WORK REQUEST: Only the lines from the start of the data below through the line that contains "今日の「謎解き調べる学習にチ" are to be copied, exactly and without pictures.

SUPPLIED DATA:
+--
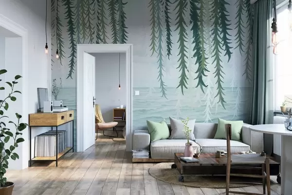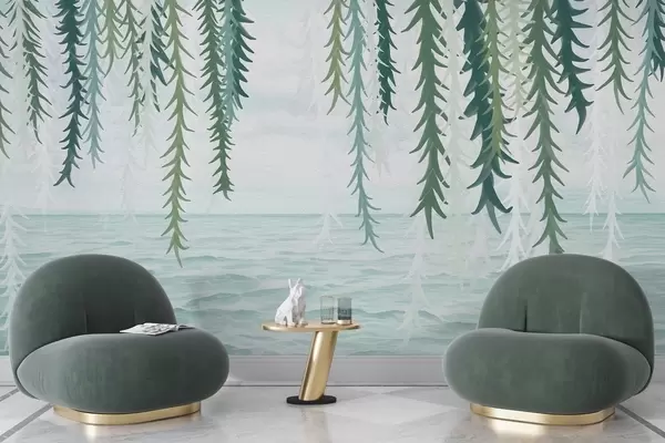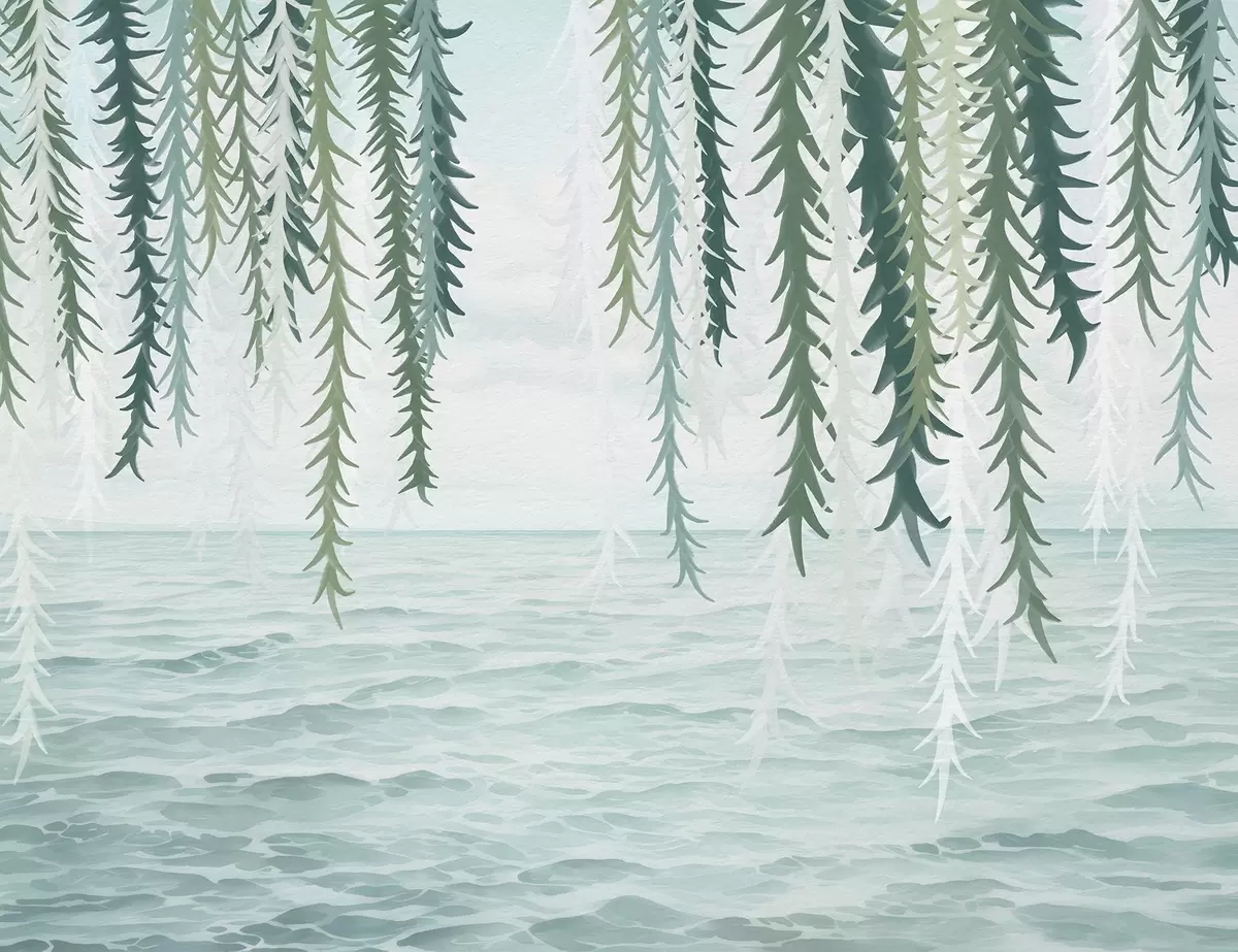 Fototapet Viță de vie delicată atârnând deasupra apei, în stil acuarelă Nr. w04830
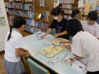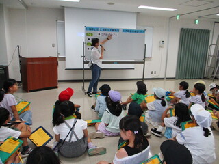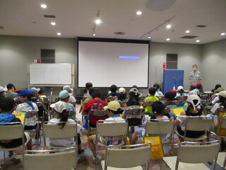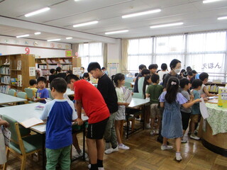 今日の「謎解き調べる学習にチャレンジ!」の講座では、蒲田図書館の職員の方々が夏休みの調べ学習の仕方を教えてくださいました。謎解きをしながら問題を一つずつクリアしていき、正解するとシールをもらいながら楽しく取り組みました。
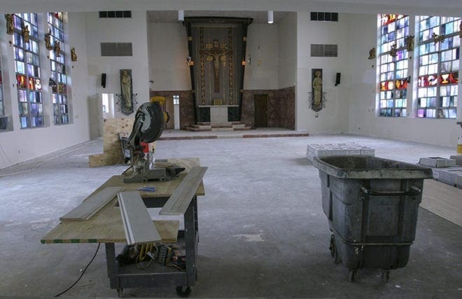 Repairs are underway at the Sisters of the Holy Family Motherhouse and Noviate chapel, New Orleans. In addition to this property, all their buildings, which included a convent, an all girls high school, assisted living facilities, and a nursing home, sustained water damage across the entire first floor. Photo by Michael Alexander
+--
RESPONSE:
 Fototapet Viță de vie delicată atârnând deasupra apei, în stil acuarelă Nr. w04830
 今日の「謎解き調べる学習にチャレンジ!」の講座では、蒲田図書館の職員の方々が夏休みの調べ学習の仕方を教えてくださいました。謎解きをしながら問題を一つずつクリアしていき、正解するとシールをもらいながら楽しく取り組みました。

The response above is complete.